If you look at human current day society, in every country where overall life spans have been extended through medical advances, good nutrition, safety ect. there has been a matching extension of "childhood".
People are not getting married and having families until there are much older. Society doesn't have to enforce that, people are choosing that. In fact birth rates in all developed countries are falling behind replacement level. And in FR it's repeated over and over that elven society is shrinking.
Couple of hundred years pleasing yourself, what are the incentives to breed?
Same as in the developed human world, few decades of comfortable lifestyle, many are choosing not to change by taking on the responsibility of child rearing.
Move on a few hundred years, what will be the reaction in human society to a human deciding to "settle down" and have children in their teens early twenties?

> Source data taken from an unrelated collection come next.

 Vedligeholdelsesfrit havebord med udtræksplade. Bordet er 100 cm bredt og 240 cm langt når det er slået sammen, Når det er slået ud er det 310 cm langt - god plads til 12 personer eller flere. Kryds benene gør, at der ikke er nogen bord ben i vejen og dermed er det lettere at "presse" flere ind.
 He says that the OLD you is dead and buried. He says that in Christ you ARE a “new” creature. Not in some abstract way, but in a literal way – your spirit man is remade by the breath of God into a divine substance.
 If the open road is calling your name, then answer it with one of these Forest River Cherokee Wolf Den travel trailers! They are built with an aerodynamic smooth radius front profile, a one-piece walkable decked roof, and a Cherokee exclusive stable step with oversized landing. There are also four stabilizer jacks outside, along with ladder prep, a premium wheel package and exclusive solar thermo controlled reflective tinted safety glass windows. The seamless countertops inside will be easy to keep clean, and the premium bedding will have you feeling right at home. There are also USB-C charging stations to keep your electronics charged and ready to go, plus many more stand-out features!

"Childhood" is the wrong word though, a long extended period of only having responsibility for yourself is surely what is meant?

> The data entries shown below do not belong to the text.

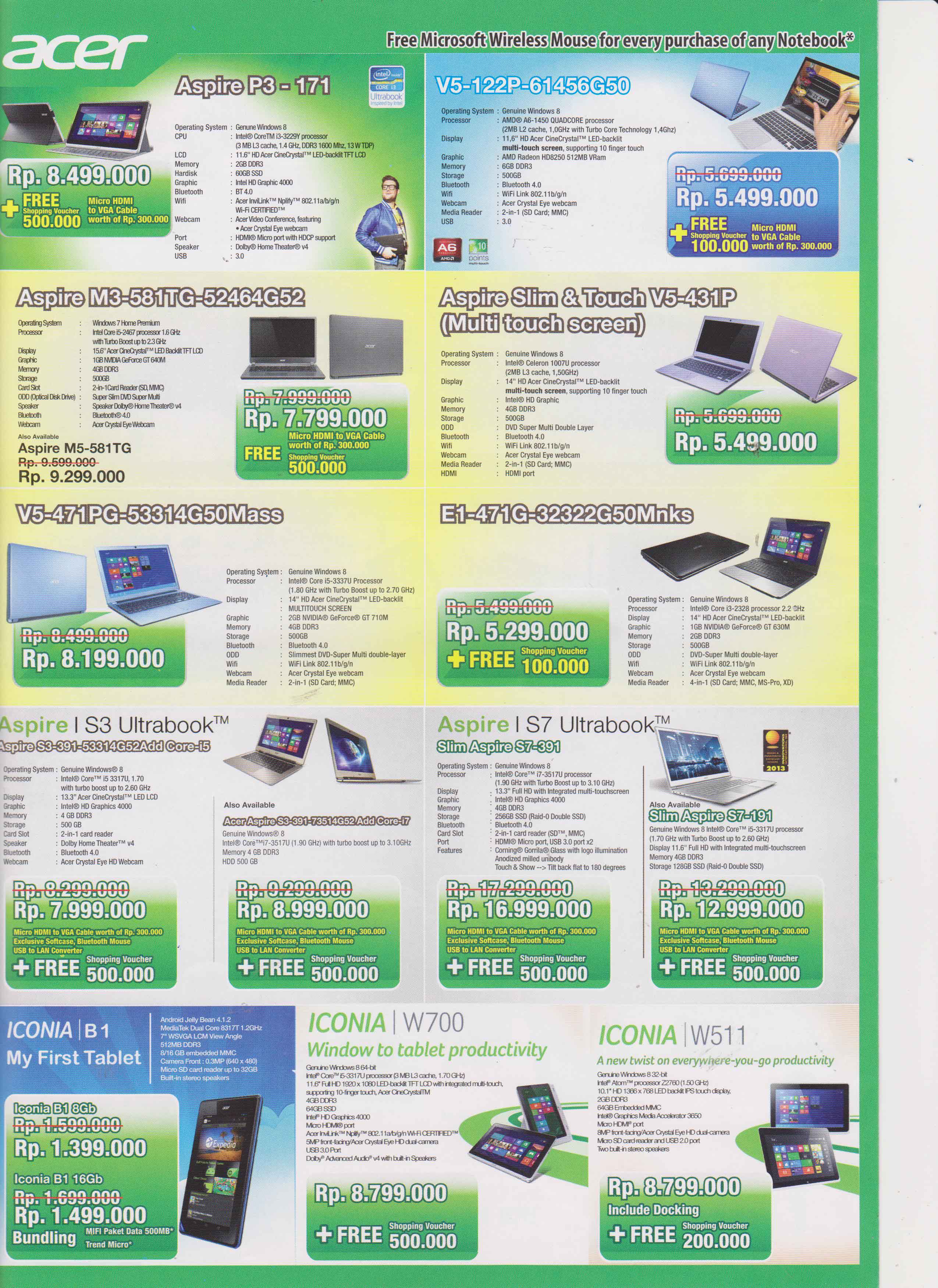 Aspire E1 (i3-3110): Rp 5.199.000,- menjadi Rp 4.999.000,-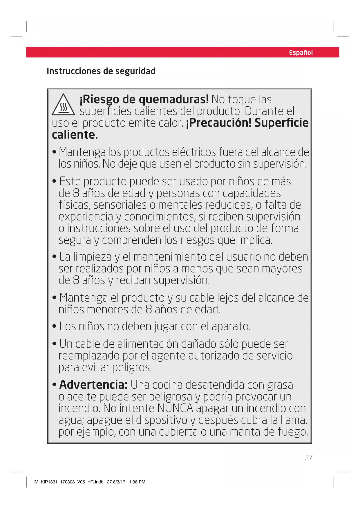 - Advertencia: Una cocina desatendida con grasa o aceite puede ser peligrosa y podría provocar un incendio. No intente NUNCA apagar un incendio con agua; apague el dispositivo y después cubra la llama, por ejemplo, con una cubierta o una manta de fuego. IM_KIP1331_170308_V05_HR.indb 27 8/3/17 1:38 PMEspañol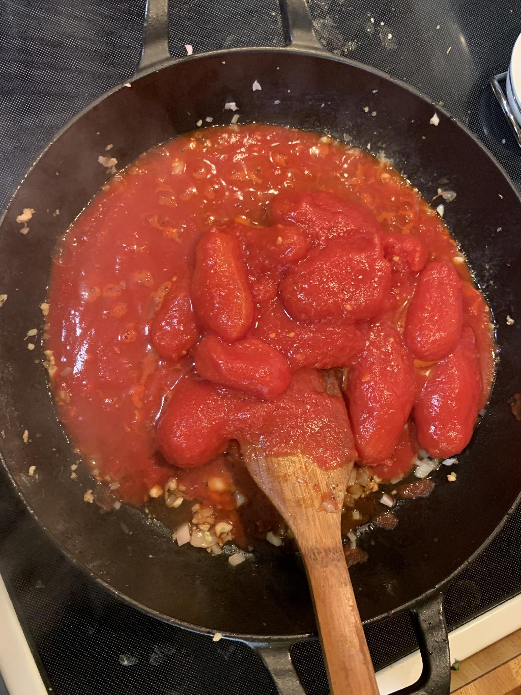Step #7 Add San Marzano peeled tomatoes
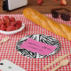 Monogrammed black and white zebra pattern wedding paper plates with hot pink accent.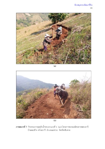 ห้องสมุดกรมพัฒนาที่ดิน 94 (a) (b) ภาพผนวกที่ 7 กิจกรรมการขุดคูรับน้่าขอบเขาแบบที่ 6 (a,b) โครงการขยายผลโครงการหลวงวาวี บ้านดอยช้าง ต่าบลวาวี อ่าเภอแม่สรวย จังหวัดเชียงราย

Well, I must say I disagree with your first point. The contrary of childhood is not having kids. Childhood has only been extended until 18 years old (I asssume this is the case for most countries) where you are legally an adult. Not sure how it was in the middle ages where life expectancy was around half of what it is today, but it was likely not 9, if you had the means to provide for it. Otherwise regardless of how much you will live, as soon as the kid can go to the mine, he will go to the mine, so to speak. But, in any case, it doesn't matter
http://www.d20srd.org/srd/description.htm
(I am guessing the numbers are similar for 2ed)
Elfs dont go adventuring until they are 110+. It is not "hey you do what you want until 110 and then you settle down and have a family". It is they are not in their "twenties" (when people would go adventuring because they have no family responsibilities and they are not kids) until they are 110. Now, I might be biased as a parent, but kids not being able to move from home until they are 110 is a very scary prospect. Of course the elves have less and less kids!! :-)
If someone can find a rational explanation for a race to *need* 110 years to reach mental/physical maturity, I'd like to hear it. Not trying to be confrontational, I am actually very interested :-)
Even if it wasnt like that and they mature at 20... Why the hell dont they go adventuring at 20? Why wait 80 years? We are not talking about settling down and all that boring s**t most of us end up doing. I am talking about taking a cool trip around the world working in bars and meeting people while dreaming to change the world. While killing anything that moves, of course. It is adventuring after all :-)
Thanks to EE's implementation of dual wielding in BG1, vanilla rangers are probably the most versatile warrior class in that game IMO.
I can see how the lack of grand mastery might hurt them in comparison with fighters in mid-to-late BG2, but I never play BG2 much anyway, in part (though not exclusively) due to the poor progression of certain classes from BG1. Having said that, the ranger stronghold is my personal favorite in BG2.
And then as others have mentioned, there's the RP flavor. Like paladins, rangers are warriors with a sense of purpose - but they have greater freedom over their alignment and actions than paladins.
Honestly I think this game needs a handful of lower-end classes to spice up the challenge a little. So even if the ranger is actually underpowered I'm not overly concerned.
Also, as someone mentioned before - in western societies in the real world where people live longer and where people don't -need- to normally work in hard labours, people are also maturing more slowly, having families later, starting their careers later, because they simply can take their time with that. I assume that elven society is similar, it's just that for them a 100 years is a kin to several of our real-time-years.